AIKEN, S.C. – A new initiative to improve spent nuclear fuel processes at the Savannah River Site’s (SRS) H Canyon could save $2 billion over the life of the chemical separations facility.

   EM and Savannah River Nuclear Solutions (SRNS), the site’s management and operations contractor, have teamed with the Savannah River National Laboratory (SRNL) to develop a charter for a process of Collaborative Innovation (COIN) to develop technology to improve safety and quality, and increases spent nuclear fuel processing rates by 50 percent.

   One way to do that is through the use of online monitors.

   “These measure the solution real-time instead of an operator having to physically pull a sample and take it to the Analytical Laboratory for testing,” said Ed Sadowski of SRNL. “This will save both time and money.”

   Sadowski noted that the initiative will cost $13 million in initial investment to install the online monitoring capabilities, and could result in approximately $2 billion in savings over the life of the canyon.

   “The COIN team will continue to engage in the implementation of the recommendations to evaluate opportunities for efficiency improvements,” Sadowski said.

   Another COIN improvement to reduce the number of samples submitted to the SRNL Analytical Laboratory during normal process operations is to take advantage of the inherent H Canyon chemical process, physics, and chemistry.
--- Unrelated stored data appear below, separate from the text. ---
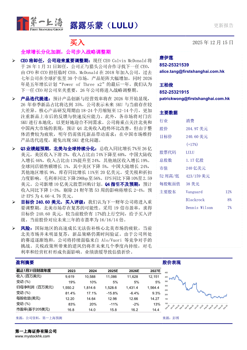 露露乐蒙:第一上海-露露乐蒙-LULU.US-全球增长分化加剧,公司步入战略调整期-251215
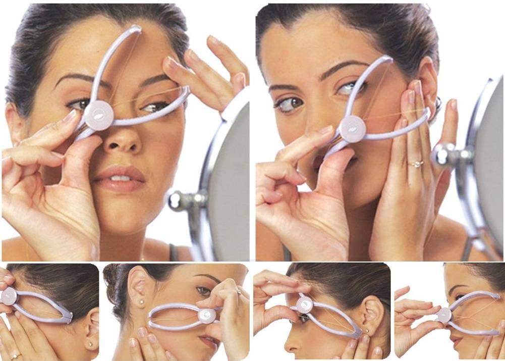 Если вы не желаете удалять выбивающиеся из линии роста бровей волосы нитью, рекомендуем приобрести приспособление, предназначенное для тридинга. Напоминает оно рогатку с отверстиями, через которые пропущена закрученная в центре нитка. Также в продаже имеются устройства в форме секатора и ножниц. Принцип их работы одинаков – ниточка схватывает и выдергивает волос. Преимущество магазинной конструкции перед обычной нитью состоит в том, что готовое приспособление увеличивает скорость эпиляции. Это позволяет девушкам удалять волосы с любых участков тела.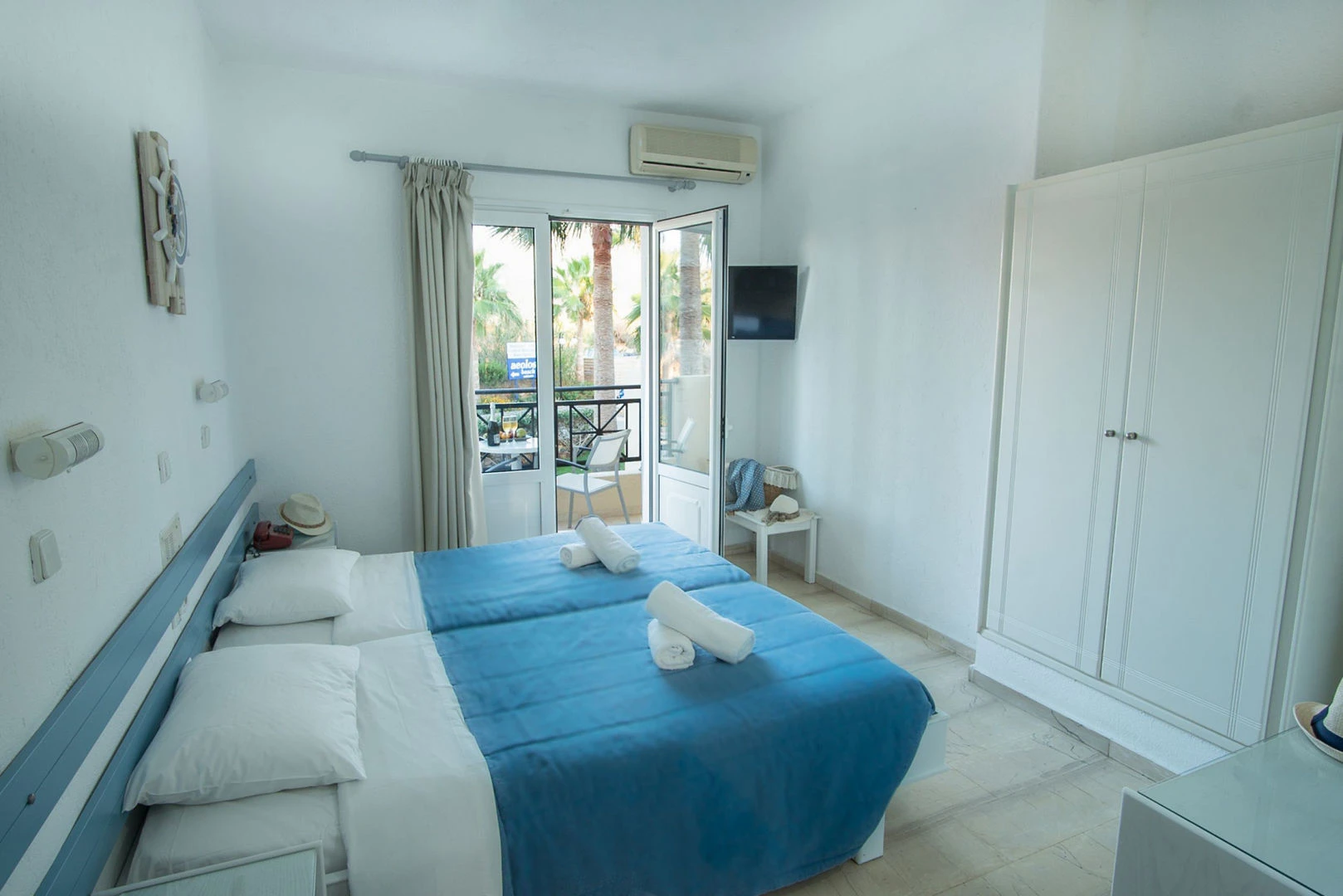 Pokoje mají klimatizaci a koupelnu. Balkón patří ke standardu ve většině pokojů. Mnoho pokojů má výhled na moře, který vytváří příjemnou atmosféru. Pokoje mají dvoulůžkovou postel nebo rozkládací pohovku. Pro děti jsou k dispozici dětské postýlky. Je tady sejf. K vybavení pokojů patří lednička a varná konvice/kávovar. Na pokoji je připojení k internetu, telefon, televize a WiFi (zdarma). Hosté najdou na pokoji domácí obuv. V koupelnách je sprchový kout. Je zde vysoušeč vlasů. V resortu jsou nekuřácké pokoje.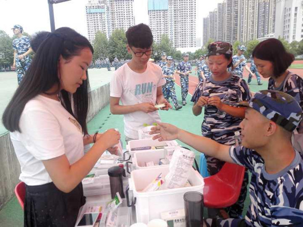 2016年 9月21日早上九点整,武汉华夏理工学院,生物与制药工程学院青年志愿者协会在操场摆点赠药,今年军训天气炎热,小鲜肉们似乎抵挡不住这烈日的炙烤。制药学院青协的志愿者们延续传统,为身体不舒服或者军训中暑的同学免费赠药,只希望为这炎热的天气带来一丝来自内心的清凉,曾经无意中听到一个大一的新生说:挺喜欢萍水相逢这个词儿,因为一个人总会相遇什么,错过什么。制药学院青协的免费赠药构成了属于他们和青春的一段回忆,编成他们生命中的一段小插曲,大一的同学们来自五湖四海,有的同学甚至是第一次离开家人,外出求学,生病之时难免思念家人,思念家乡,虽然大家萍水相逢,但是免费赠药却可以给大家带来一丝内心的慰藉。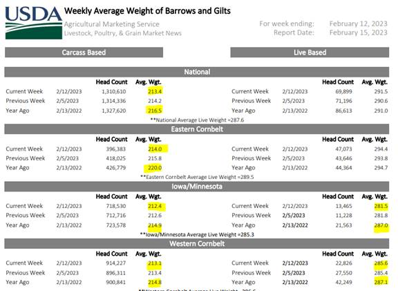 Serait-ce plutôt le poids moyen des porcs abattus qui fond comme neige au soleil sur un trottoir montréalais? J’ai été fort surpris de constater les poids moyens rapportés par le USDA hier. Non seulement les carcasses sont nettement plus légères, mais aussi les poids des animaux vivants!

Uranium isotopics only need to be measured after mixing solutions of varying isotopics and not in every tank, as they once were, since H Canyon’s chemical processes cannot alter the uranium isotopics. 

   The team also will find alternative methods to the thermal ionization mass spectrometer (TIMS), which provides uranium concentration and isotopic measurements. TIMS is nearing the end of its service life and is expensive to replace. The team identified several alternative methods to provide concentration and isotopic measurements with enough accuracy for H Canyon’s needs.

   COIN team members are scheduled to implement the initiative in three stages by 2021. Its phases include:

  • Evaluating the use of online monitors at five locations where existing infrastructure can support them prior to completing the design and installing the monitors. They also will design and fabricate a mock sampler unit. This phase is scheduled for completion by the end of September.
  • Installing monitors at eight locations without existing infrastructure support, and qualifying and implementing alternative TIMS methods.
  • Designing and installing monitors at eight more locations without existing infrastructure, and designing, installing, and implementing the use of sample pulse height analyzers. These instruments sort electrical pulses generated by photons and route the different energy pulses to the correct scalers where counts are recorded.  

   H Canyon is the nation’s only operating, production-scale, radiologically shielded chemical separations facility. Uranium is recovered from spent nuclear fuel through a complex chemical process, in which fuels are dissolved and run through solvent extraction cycles that remove impurities present in the fuel. During this process, nuclear regulations require samples of the uranium solution be tested periodically to ensure the proper concentration of uranium.